晴天かつ爽やかな初夏の一日になると思い一応長袖ながら薄着で出かけたらどんどん冷え込んできてびっくり。にっかり青江役・佐野真白さんが
「大阪は寒い」と書いていらしたのを読めばよかった。
本来なら「維伝」のあと、そして「天伝」の前、すなわち2年前に上演されるはずだった「綺伝」リベンジ公演に行ってきました。

綺伝新歌舞伎座
駅に直結した会場なので雨に降られずにすみました

本公演はコロナの影響で当時取りやめになったとはいえ、
「ステ本丸の物語(報告書)を別の本丸の歌仙たちが読む」という設定で急遽書き換えられた「科白劇」が別途上演されており、それをわたしも千穐楽配信&Blu-rayで観て筋書きは承知していたのですが、それだけに今回は細かな差異が楽しめました。
重要なものとしては遡行軍、というより黒田官兵衛の狙いが言明されるとか。
さほど重要でないものとしては、歌仙の嗜む「歌」と篭手切がれっすんしている「歌」について、前回は歌仙が同じものかと勘違いして篭手切が説明に困っていたのに、今回は歌仙が「きみの歌とぼくの歌は違うんだろう?」と予防線を引くと篭手切が「案外通ずるものがあるかもですよハッハッハ」と言い、歌仙も「ふむ。そうかもしれないハッハッハ」と受け入れるとか。

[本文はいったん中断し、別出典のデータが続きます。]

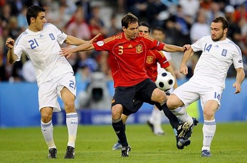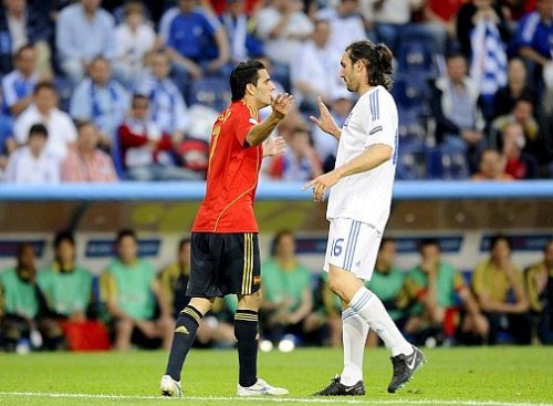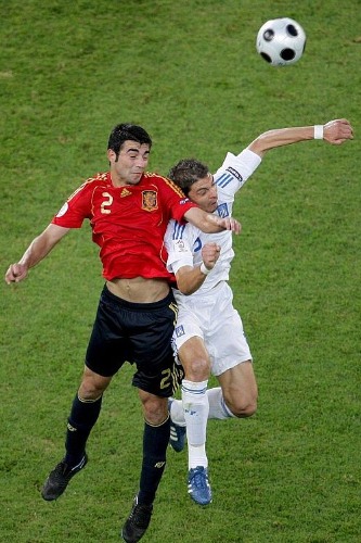 Raúl Albiol (i) pelea por un balón con el delantero Angelos Charisteas. (EFE)
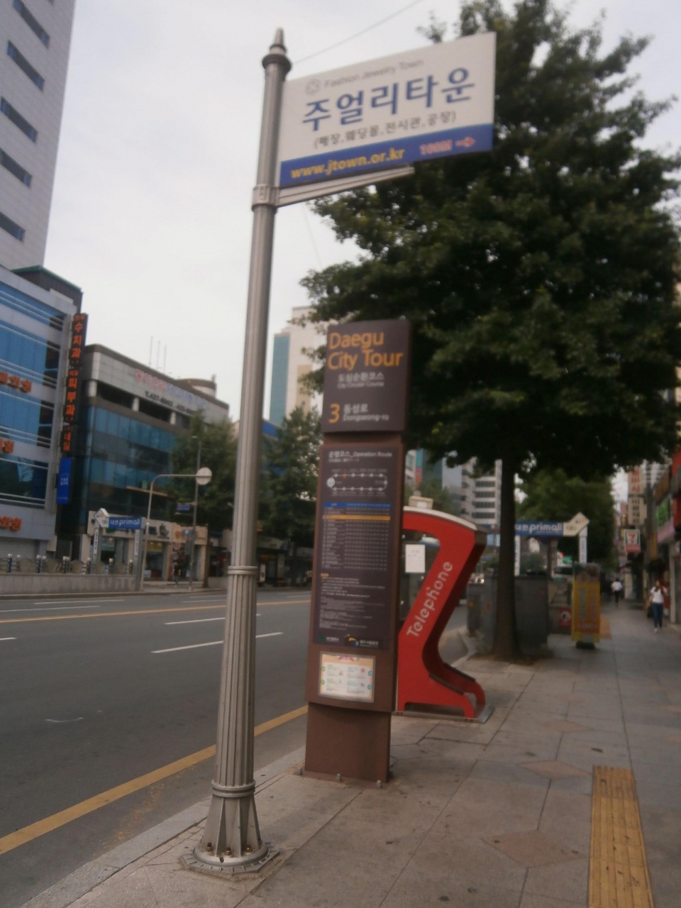 大邱の主要観光地を廻る2階建バスで、時にはオ-プントップ車両。凡そ40分毎の間隔で運転されていて、好きな場所で自由に乗り降り出来る。出発は東大邱駅だが、どこの停留所からでも乗降可能で、チケットは運転手から購入。外国人旅行者で市内宿泊者は20%無料なので、宿の予約表などを持参しよう。又、バス乗車券でモノレ-ルの割引も受けられると書いてあった。

それらの差異は科白劇に加工するにあたり元の脚本から削除された部分が復活したのか、それとも既にこの物語を知っている観客に向け、新たにつけ加えられた要素なのか、それは今一つわたしにはわからないことなのですが。
変更された上映順すら利用しようとしてるんじゃないか? と制作側の意図を勘ぐってしまうのです。諸々重ねて観続けてきて、本シリーズの解釈など自分の手にはあまるなとしみじみ感じています。

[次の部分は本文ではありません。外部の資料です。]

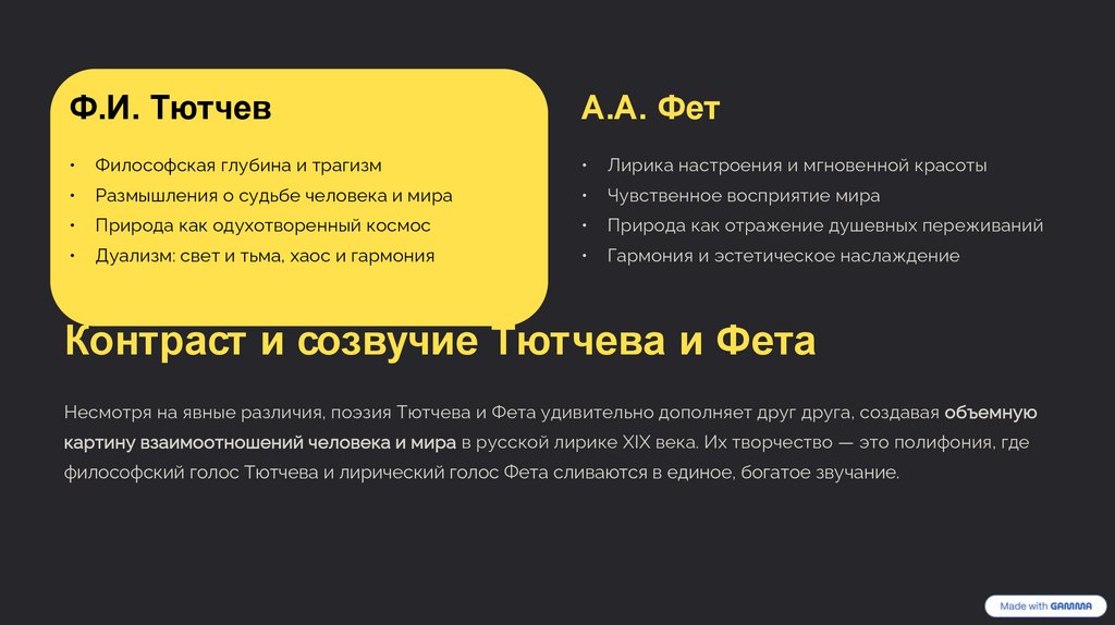 Несмотря на явные различия, поэзия Тютчева и Фета удивительно дополняет друг друга, создавая объемную
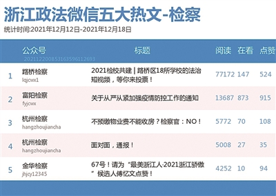 本期检察院榜,“路桥检察”如同“黑马”,获得双料冠军!其《2021检校共建|路桥区18所学校的法治短视频,等你来投票!》一文,以校园法治短视频作品投票获得大量关注。
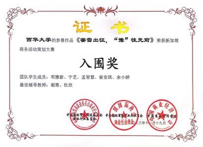 为提高我院学子商业创意能力,让伟德国际1946源于英国学子获得更多的实践经验和机会,我院积极组织学生参与全国商业经营挑战赛(创新创业赛)。在11月19日结束的河南三门峡市举办的全国商业精英挑战赛创新创业赛(会奖旅游策划赛道)总决赛中,我院物流专业学子邓雅新、宁芝、孟智慧、崔安琪、余小娇组成的众程旅游策划有限公司队在指导老师谢寒、杜欣的精心指导下以作品“蜜雪出征,“豫”往无前”勇猛夺魁,喜获全国一等奖的好成绩,同时入围新加坡商业活动策划大赛。两位指导老师也获得了“最佳辅导教师”称号。
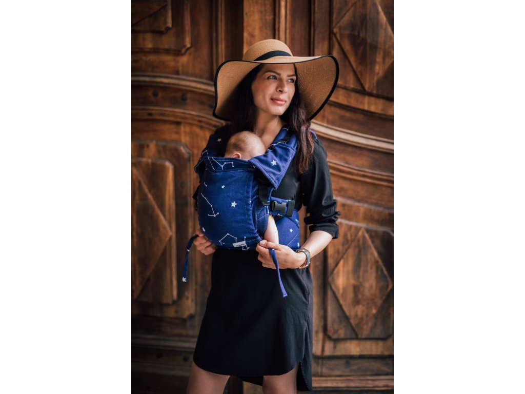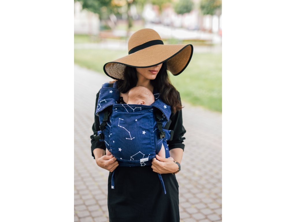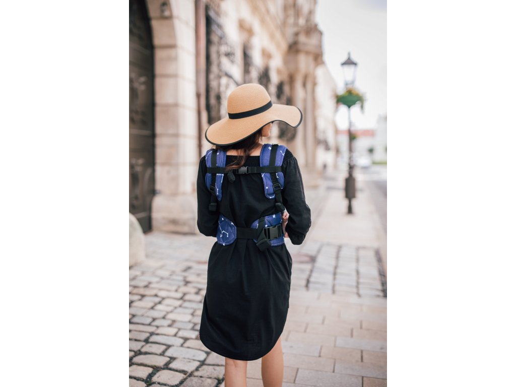 Nosítko je plně nastavitelné na míru děťátka. Šířka nosítka se nastavuje velmi jednoduše pomocí stahovacích šňůrek umístěných na přední straně zádové opěrky těsně nad bederním pásem. Šňůrky stačí stáhnout podle velikosti vašeho miminka a zavázat na uzel.
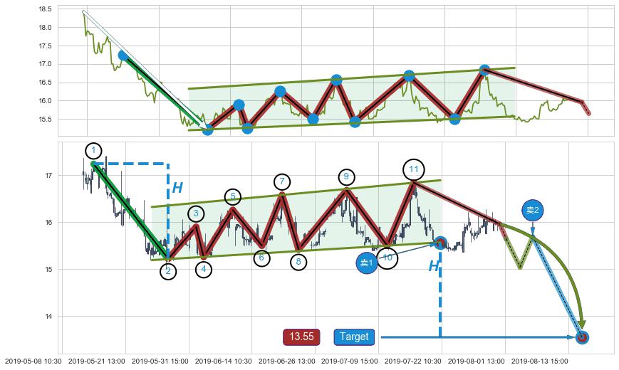 ➢ 【仅预测突破】最后价格:15.96与预测突破价格:15.42→【空间临近】后续最小【整理】第一目标价格→(08-12:15: 14.00 )
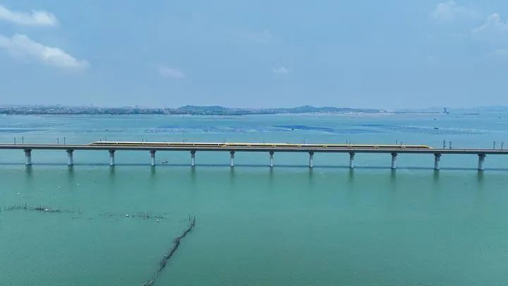 2023年6月28日,CR450動(dòng)車(chē)組試驗(yàn)列車(chē)在湄洲灣跨海大橋交會(huì)運(yùn)行,單列最高運(yùn)行時(shí)速達(dá)到453公里。(鐵科院集團(tuán)公司供圖)
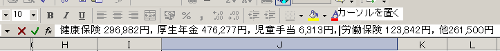 例えば、上のように説明が1段で長くなってしまい、労働保険から2段目に改行したい場合には、数式バーで労働保険の労の前をクリックしてカーソルを置き、Alt(オルト)キーを押しながらEnter(エンター)キーを押します。
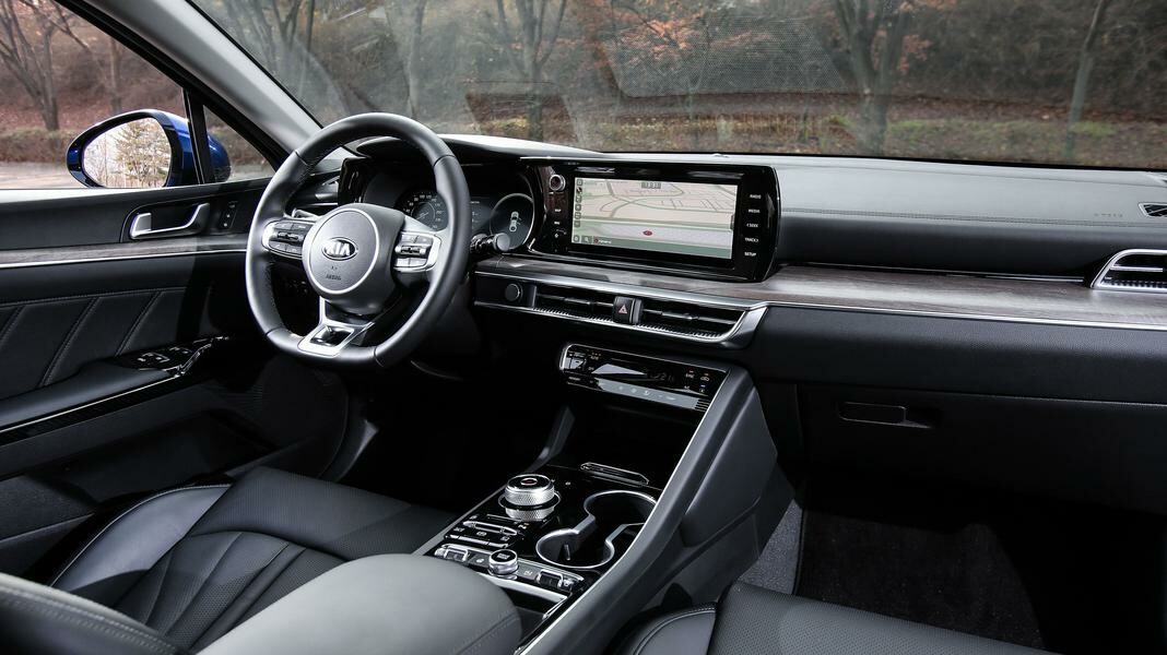 Интерьер корейского седана Kia K5 не менее удивительный и впечатляющий, нежели внешний вид. Салон автомобиля удивляет своей гармоничностью и строгой красотой. В интерьере удивительно сочетаются технологичность и некоторая простота. Простота выражается только в том, что в салоне нет ярко выраженных дизайнерских решений. Салон выглядит привлекательно и практично.
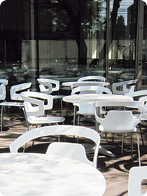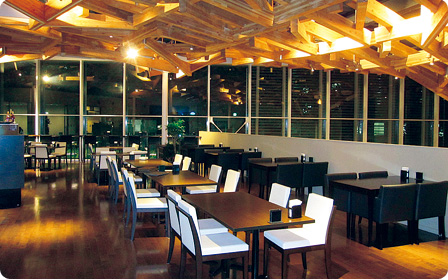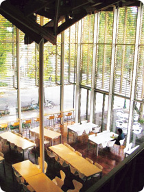 吹き抜けのある開放的な空間に、東南部分が一面ガラス張りで゙、天井が太い木材で立体的に組まれた構造は外の街路樹と一体感が゙あり、まるで森の木陰にいるような雰囲気を味わうことができます。

ので、以下は相変わらずネタバレとか関知しないただの感想文。

綺伝のぼり
俳優名ののぼりが立っていていかにも歌舞伎座という感じ

好き! 新歌舞伎座

初めての刀ステがステージアラウンド東京だったのでわたしの感覚がおかしいとは思うのですが、大阪の新歌舞伎座、最初の印象は
「コンパクトで見やすい!」でした。

わたしの席はいわゆる「ドブ席」(1階前方、但し花道より下手側・外周寄り)で、
・俳優が花道を通るときは内側を向くので背中を向けられてしまう席
・座席から舞台を見る際、花道で視界が遮られ見通しが悪い席
というふうに諸々のガイドには書かれてあったのです。舞台全体は見えないので初見には向かないがその演目に精通している慣れた観客が、普段めったに見られない俳優の背中側の演技を楽しむにはいい、みたいな。
が、実際に座ってみると花道よりぐっと高さがあり、隣にほかの観客がいらっしゃらないぶん、そのまま舞台上まで視界が開けてよかったです。
なんとなく、パリコレの通路脇みたいに足元から見上げるイメージがあったんですよね。それだと舞台の方は見えないなあと覚悟していたのですが。

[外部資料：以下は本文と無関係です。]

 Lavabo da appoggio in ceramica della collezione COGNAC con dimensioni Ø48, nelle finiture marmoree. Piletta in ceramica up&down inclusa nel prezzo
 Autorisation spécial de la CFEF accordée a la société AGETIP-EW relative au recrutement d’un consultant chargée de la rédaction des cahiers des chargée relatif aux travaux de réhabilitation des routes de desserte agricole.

蓋を開けてみれば、探索のため熊本の城下を巡る男士たち、それを阻止せんとする遡行軍やきりしたん大名らが花道を駆け抜ける度、古今様の長い衣装の裾をはためかせる風を感じたり、木の床を荒々しく踏む振動でこちらの座席が少し揺れるほどの臨場感。
また、花道上にも小さなせり(すっぽん)があるのですが、これがふと気づくとくろぐろと奈落への口を開けていて、演者の皆さんが近くを通る度どきどきしたり。
「悲伝」で三日月宗近の登場に明治座のすっぽんを使った演出家なので、今回もこのすっぽん、何か意味があるのかなあと勘ぐったり(今回は2度使われました)。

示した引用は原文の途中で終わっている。